> _DATA BELOW_:
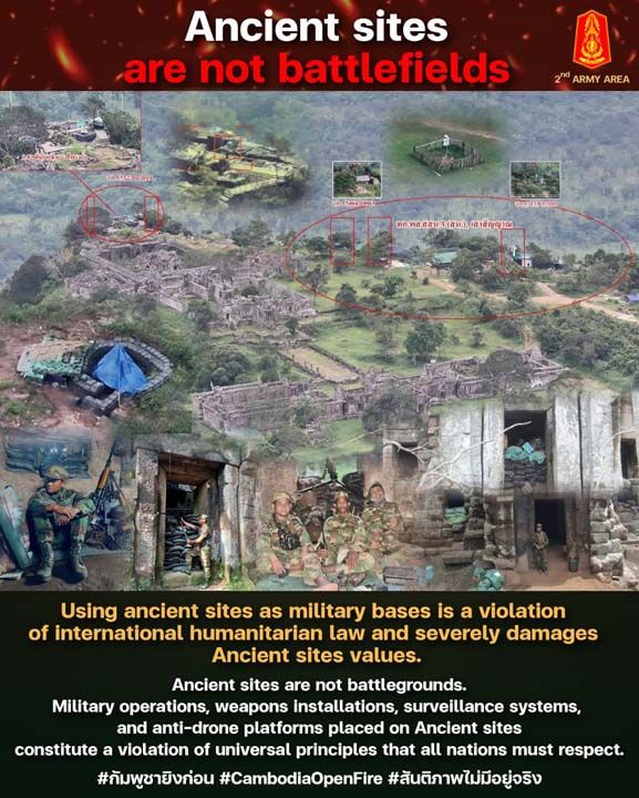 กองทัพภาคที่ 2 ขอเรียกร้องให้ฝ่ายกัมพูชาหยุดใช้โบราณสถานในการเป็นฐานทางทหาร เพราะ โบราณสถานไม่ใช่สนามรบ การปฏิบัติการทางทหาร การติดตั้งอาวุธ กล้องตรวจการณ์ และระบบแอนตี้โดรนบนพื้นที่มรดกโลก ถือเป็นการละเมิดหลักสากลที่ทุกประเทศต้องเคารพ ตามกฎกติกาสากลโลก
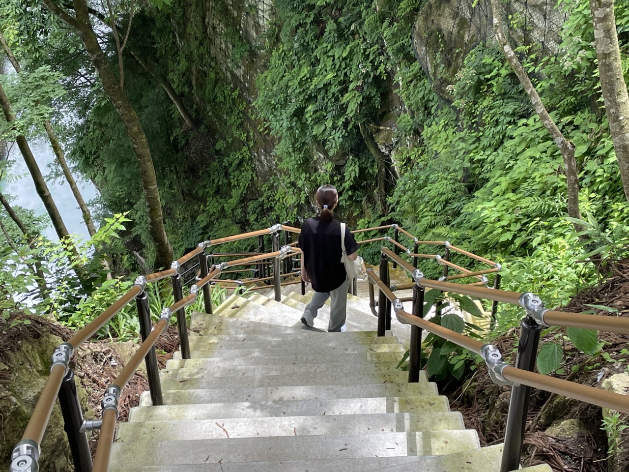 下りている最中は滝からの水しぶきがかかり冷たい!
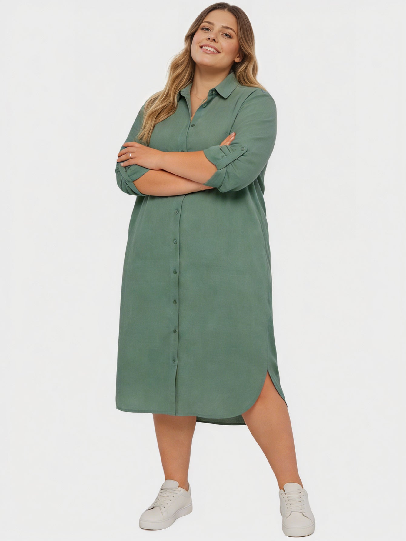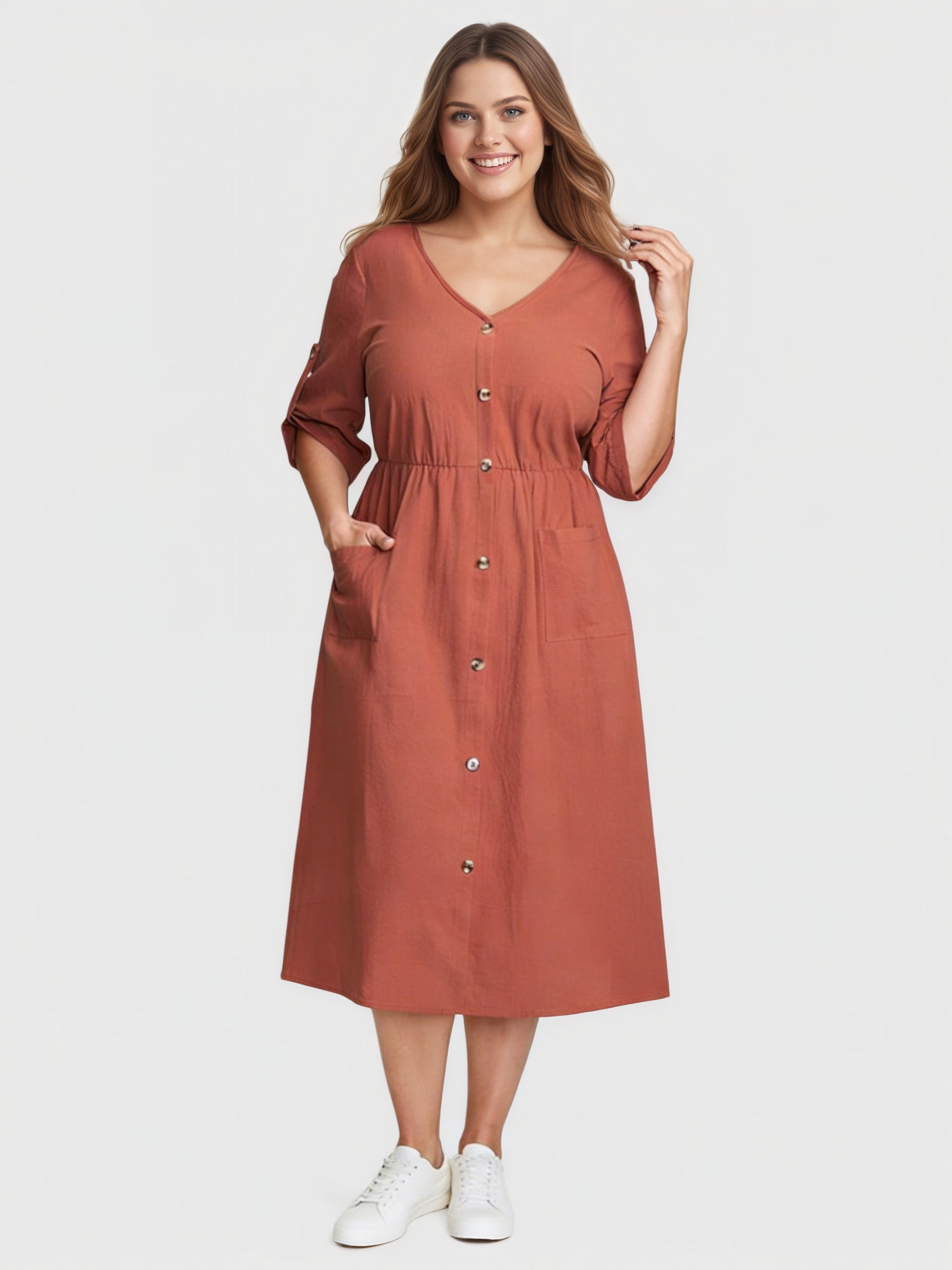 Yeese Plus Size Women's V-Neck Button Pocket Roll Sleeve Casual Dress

> _TASK STATEMENT_:
Without any of its images, the data above should be returned exactly.

> _EXERCISE ANSWER_:
 กองทัพภาคที่ 2 ขอเรียกร้องให้ฝ่ายกัมพูชาหยุดใช้โบราณสถานในการเป็นฐานทางทหาร เพราะ โบราณสถานไม่ใช่สนามรบ การปฏิบัติการทางทหาร การติดตั้งอาวุธ กล้องตรวจการณ์ และระบบแอนตี้โดรนบนพื้นที่มรดกโลก ถือเป็นการละเมิดหลักสากลที่ทุกประเทศต้องเคารพ ตามกฎกติกาสากลโลก
 下りている最中は滝からの水しぶきがかかり冷たい!
 Yeese Plus Size Women's V-Neck Button Pocket Roll Sleeve Casual Dress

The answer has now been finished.